TASK →
Dropping every picture, set down exactly the lines in the entries below, starting with the line with "Campana Down Draft" and going on through the line with "El cuadrado le".

INPUT →
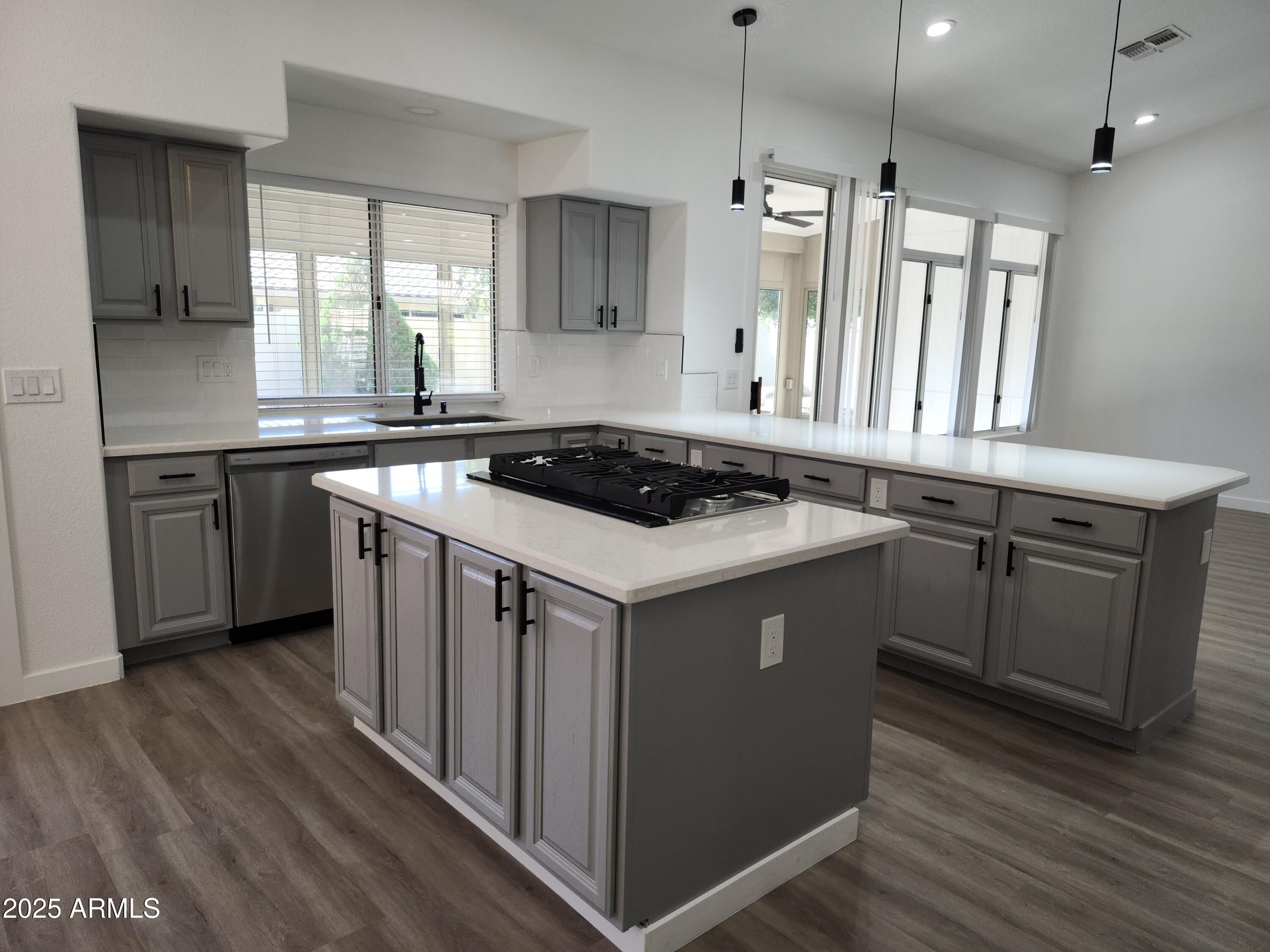 ABSOLUTELY STUNNING!! SOARING VLTD CEILINGS W/RECESSED LIGHTING GREET YOU AS YOU ENTER THIS FULLY REMODELED HOME!! LUXURY HARDWOOD-LIKE VINYL FLOORING T/O + FRESHLY PAINTED INTERIOR, BRAND NEW TOILETS, SHOWERS, MIRRORS, LIGHTING, HARDWARE & MODERN FIXTURES - BEAUTIFUL KITCHEN W/ BRAND NEW QUARTZ CNTRTOPS, FRIGIDARE SS APPLIANCES, TILED BACKSPLASH, PIN LIGHTING & INDIVIDUAL GAS STOVE ON KITCHEN ISLAND + EIK W/SEPARATE EXIT DOOR TO BCKYRD - HUGE LNDRY RM W/EXTRA CABINETRY COULD ALSO BE A SHARED CRAFT RM/OFFICE - LRG PRIMARY SUITE + MSTR BATH W/MASSIVE WALK-IN TILED SHOWER W/GLASS BLOCK & DUAL SHOWERHEADS - WALK-IN CLOSET W/BARNYARD DOOR - LRG AZ ROOM - 2CG W/CABINETRY/WORK AREA & SINK - PAVERS & DESERT LANDSCAPING IN FRONT & REAR YARDS IDEAL FOR LOCK & LEAVE LIVING! A MUST SEE!
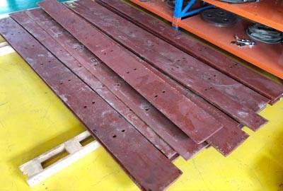 (2)利用撬杠等等工具,拆卸挡圈及锁圈然后检查轮胎衬垫与轮辋外表面是否粘连(轮胎使用时间较长,衬垫与轮辋外表面可发生粘连)。若发生可撤掉支撑物,使机器在短距离内慢速往复运行,直至衬垫与轮辋外表面脱离;严禁转向和高速行驶,以免损坏内胎。然后,前轮重新支撑起来。
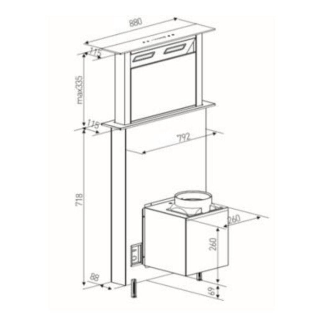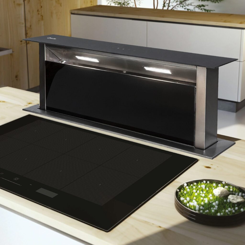 Campana Down Draft de 90 cm: Frontal en cristal.
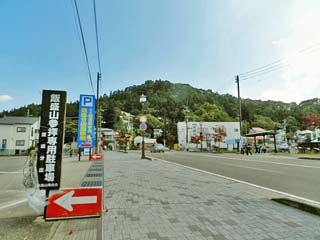 「飯盛山」参拝者用の駐車場と参道。 「会津飯盛山」は、JR磐越西線・只見線「会津若松駅」の東南東約2.4kmにある標高372mの山で、
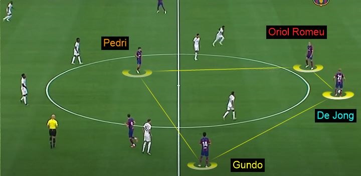 El cuadrado le da alta estabilidad al Barça. Por supuesto con balón con ese pase extra que tanto cuesta de tapar a los rivales (también ayer al Madrid en la primera media hora).
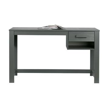 WOOOD bureau Dennis (hxbxd) 75x125x58 cm is staalgrijs van kleur en is een onderdeel van de serie Dennis van het merk WOOOD. De serie Dennis is verkrijgbaar in twee kleuren grijs, betongrijs en staalgrijs. Kies voor één van de kleuren of maak een spannende mix met beide kleuren grijs. Creëer de perfecte slaapkamer met deze serie Dennis. Het bureau Dennis heeft een handige lade met houten greep en is voorzien van solide metalen ladegeleiders. Onder de lade zit een open opbergvak. Het bureau is gemaakt van massief grenen, gespoten in de kleur staalgrijs en heeft een geborstelde afwerking. Bij het borstelen van grenen meubelen wordt de nerf sterk geaccentueerd en ontstaat een doorleefd oppervlak.
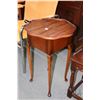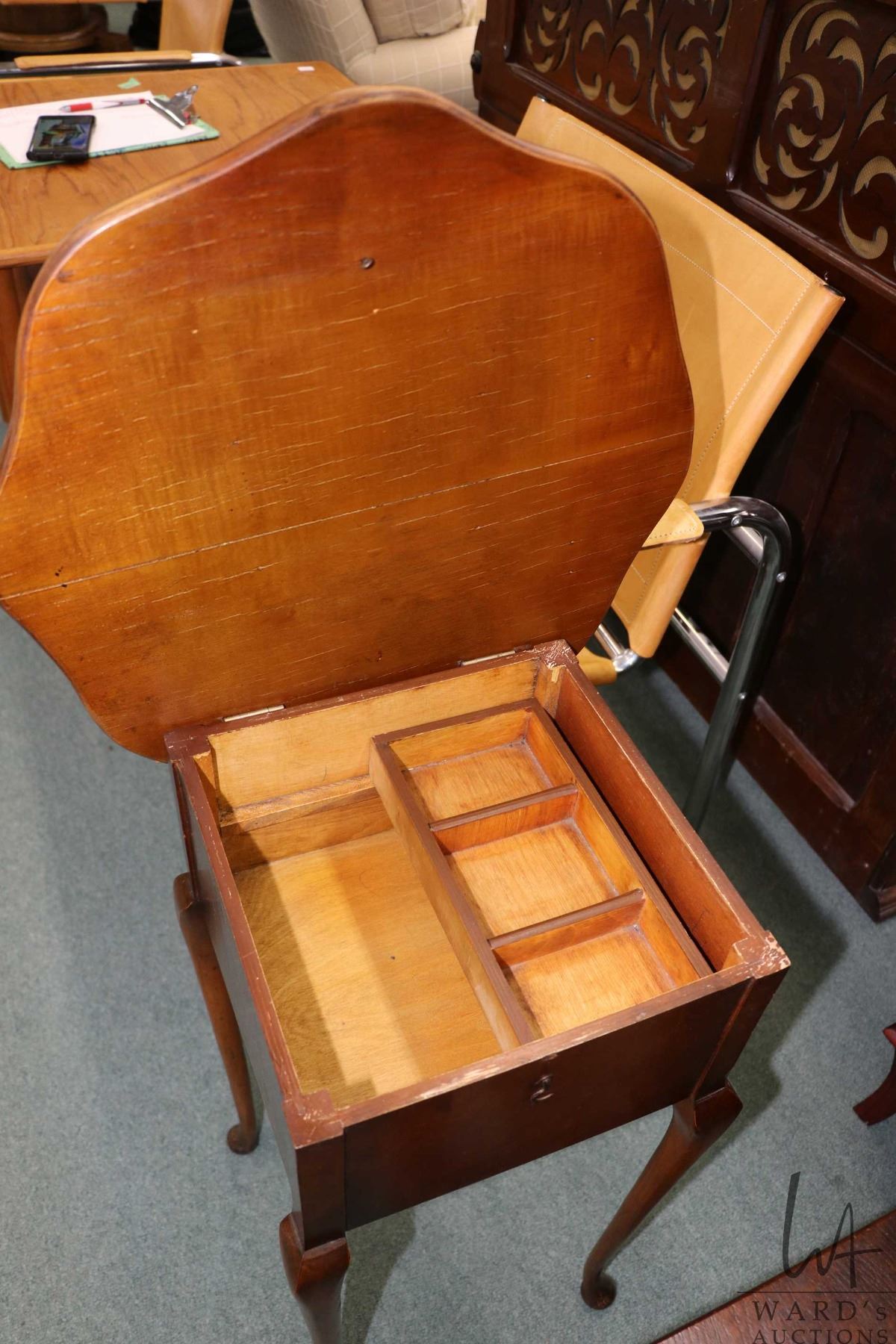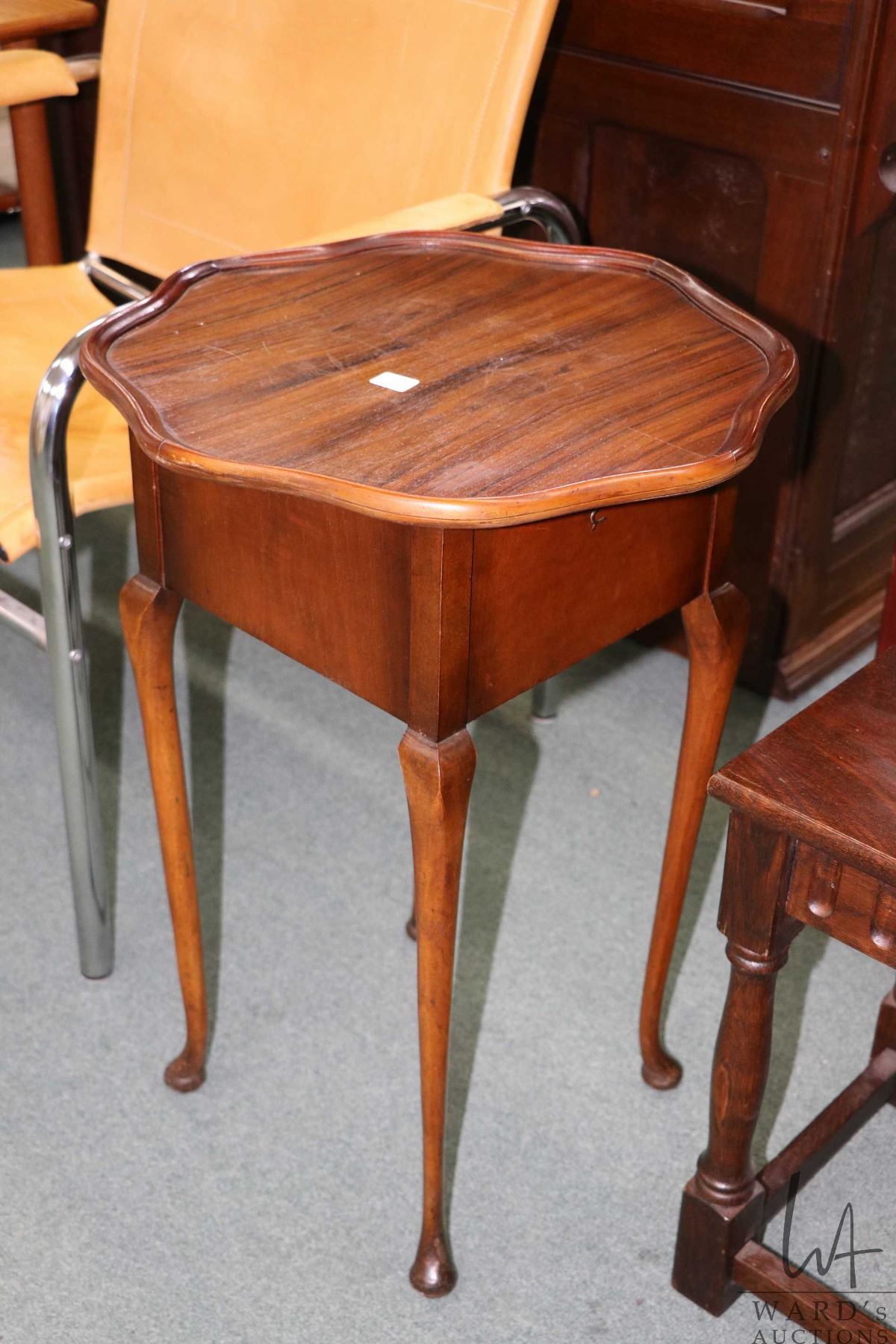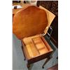 Delicate antique sewing table on tall cabriole supports, 25" H X 17" diameter
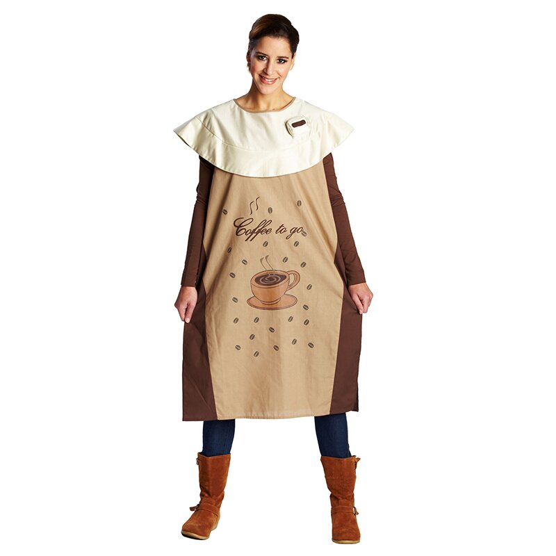 Knielange Robe in Form eines Kaffeebechers mit einem Becherdeckel-Kragen und einem Aufdruck auf der Vorderseite.
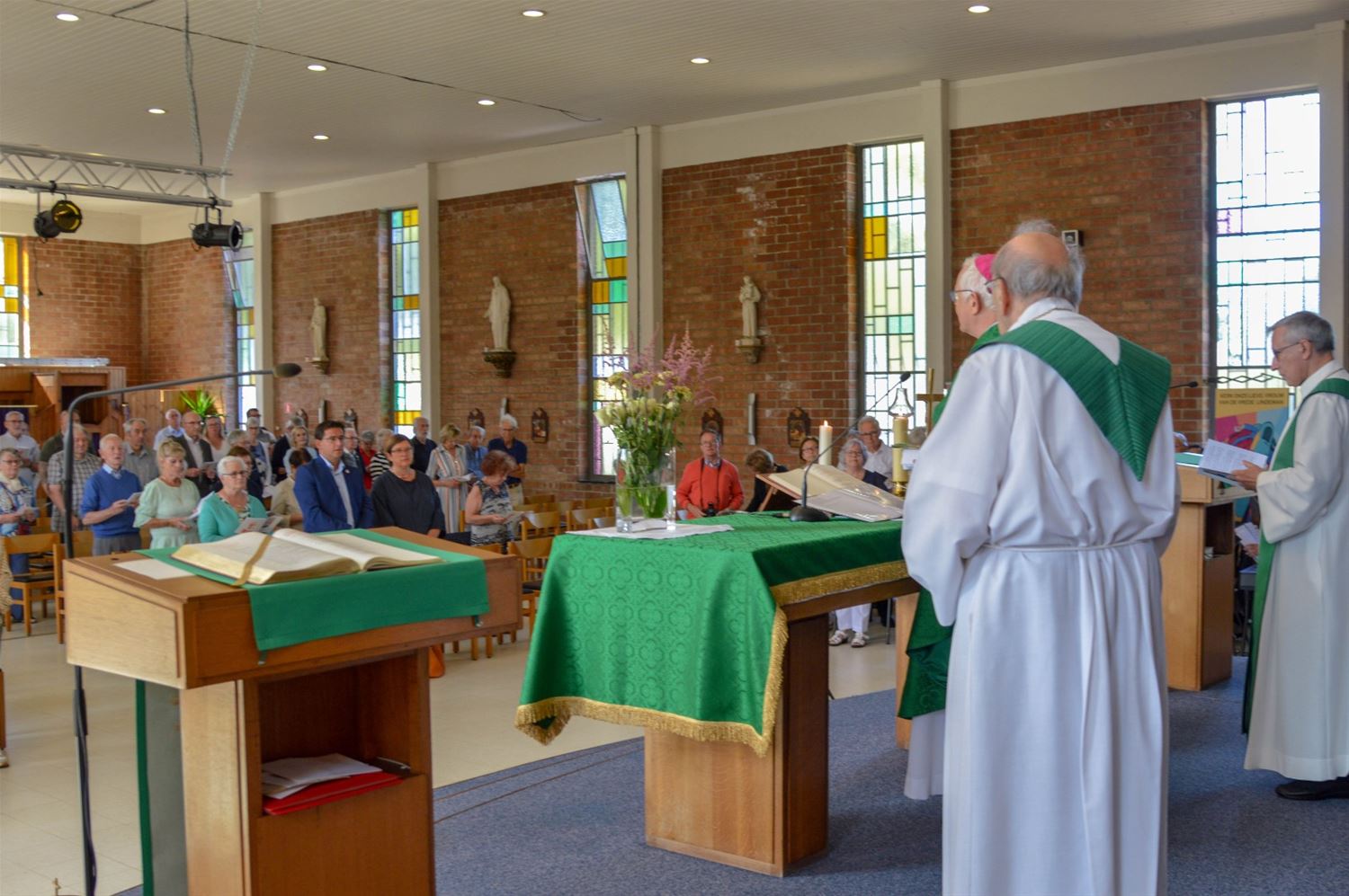 Bisschop draagt eucharistie op in kerk Lindeman
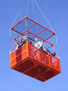 This type of basket was tested by the Air National Guard in 2006, and were found to be quite functional. Guard personnel tested out a basket which could fit up to 15 people, at the Air National Guard-Air Force Reserve Command Test Center at Tucson, Ariz. The basket which was tested is known as the Heli-Basket, is 4-and-a-half foot by 8-and-a-half feet, and hangs on a 125-foot cable below an HH-60G Pave Hawk helicopter. it was invented by John Tollenaere, of the company Precision Lift, Inc.[2]
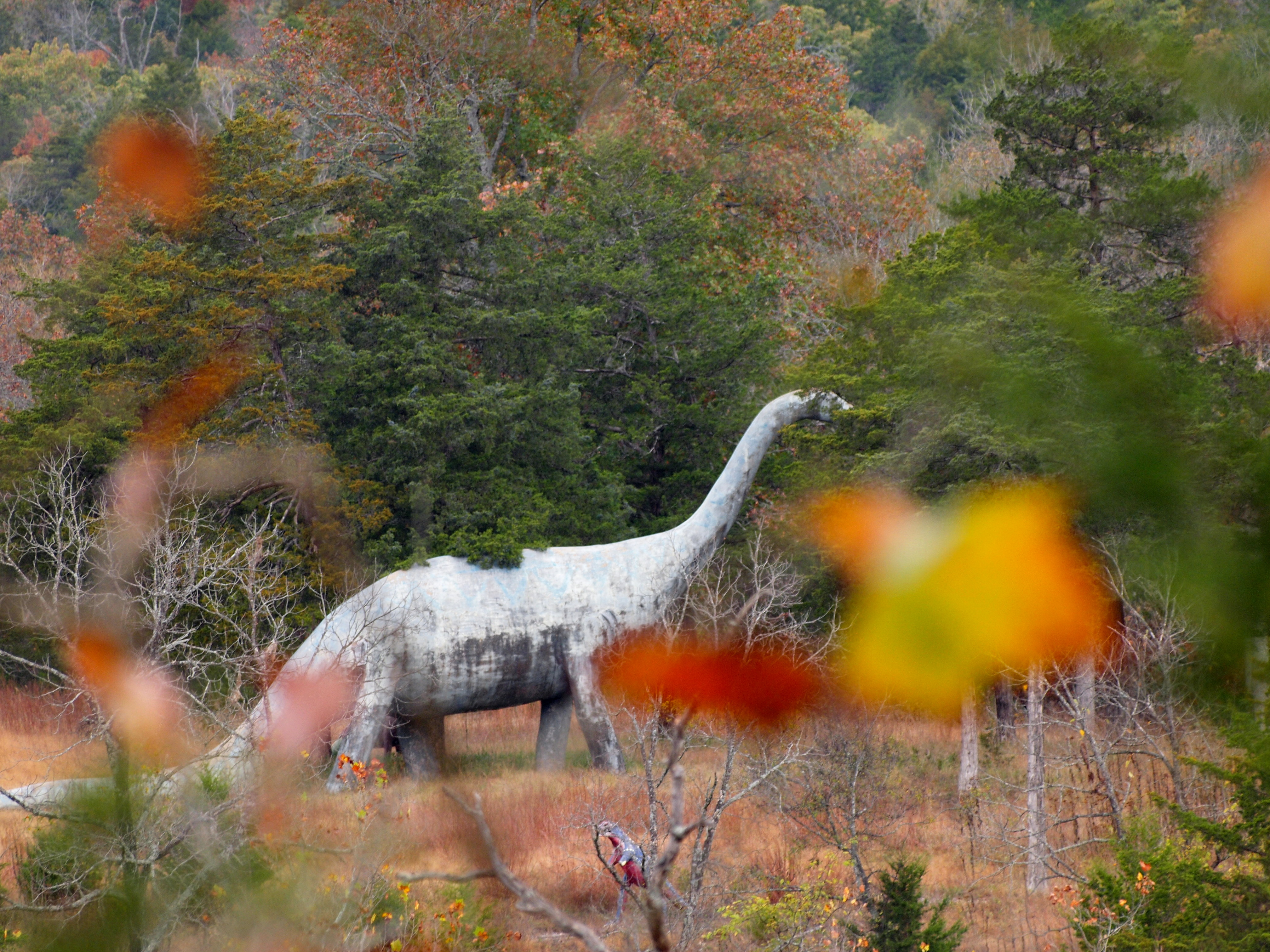 When Wendy and I have stayed at the Sugar Ridge Resort near Beaver Dam, we have driven by the old Dinosaur Park. I respect private property, so I never trespass, but I do enjoy catching glimpses of that Ozarks Land of the Lost through the trees.
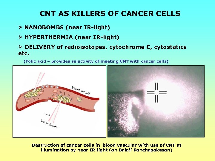 CNT AS KILLERS OF CANCER CELLS Ø NANOBOMBS (near IR-light) Ø HYPERTHERMIA (near IR-light) Ø DELIVERY of radioisotopes, cytochrome C, cytostatics etc. (Folic acid – provides selectivity of meeting CNT with cancer cells) Destruction of cancer cells in blood vascular with use of CNT at illumination by near IR-light (on Balaji Panchapakesan)
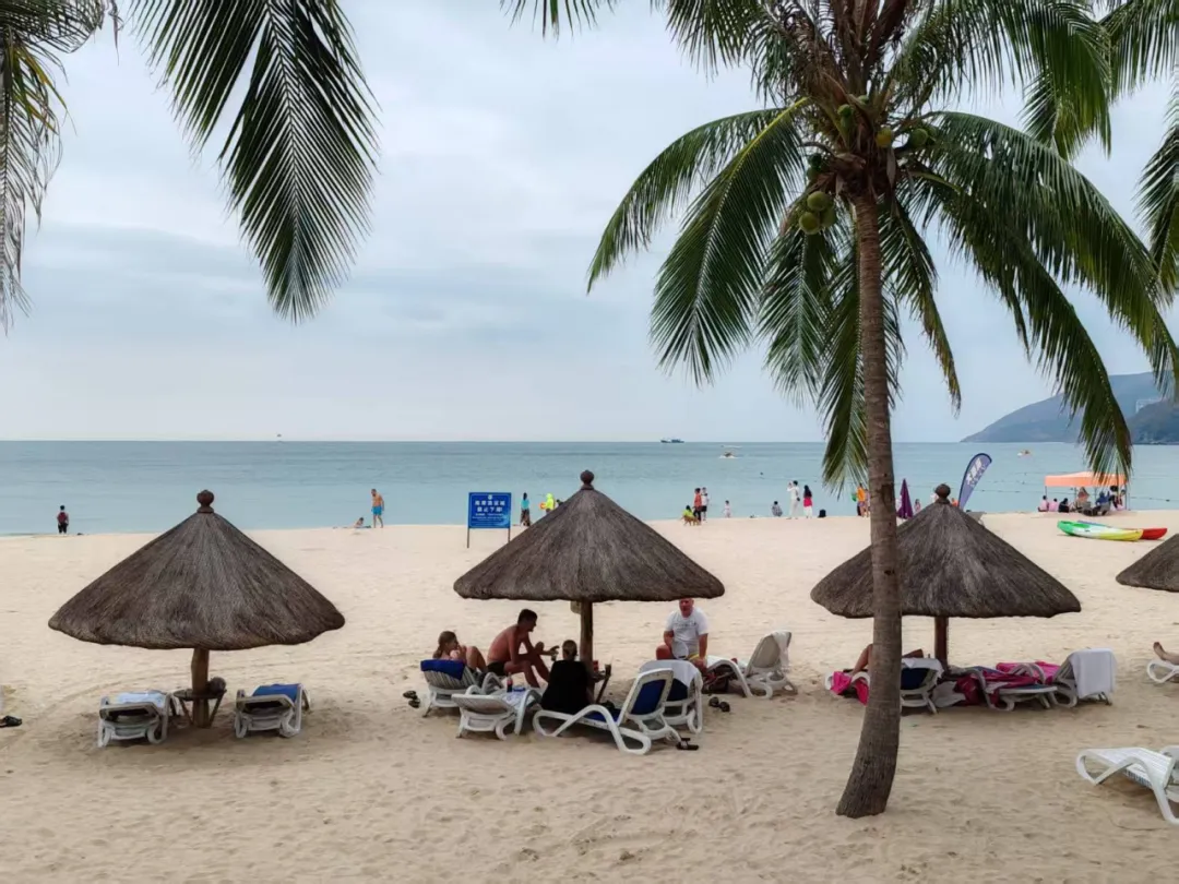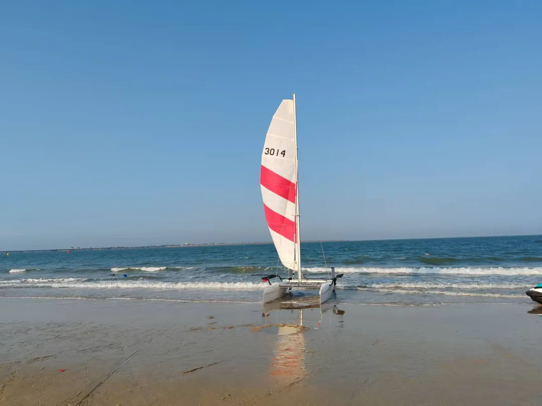海滨无处不歌飞,管乐声声脆。舞袖翩翩半沉醉,面微绯,兴来忘记人年岁。椰风弄衣,云帆戏水,直叫忘情归。

WRITTEN SOLUTION →
 Campana Down Draft de 90 cm: Frontal en cristal.
 「飯盛山」参拝者用の駐車場と参道。 「会津飯盛山」は、JR磐越西線・只見線「会津若松駅」の東南東約2.4kmにある標高372mの山で、
 El cuadrado le da alta estabilidad al Barça. Por supuesto con balón con ese pase extra que tanto cuesta de tapar a los rivales (también ayer al Madrid en la primera media hora).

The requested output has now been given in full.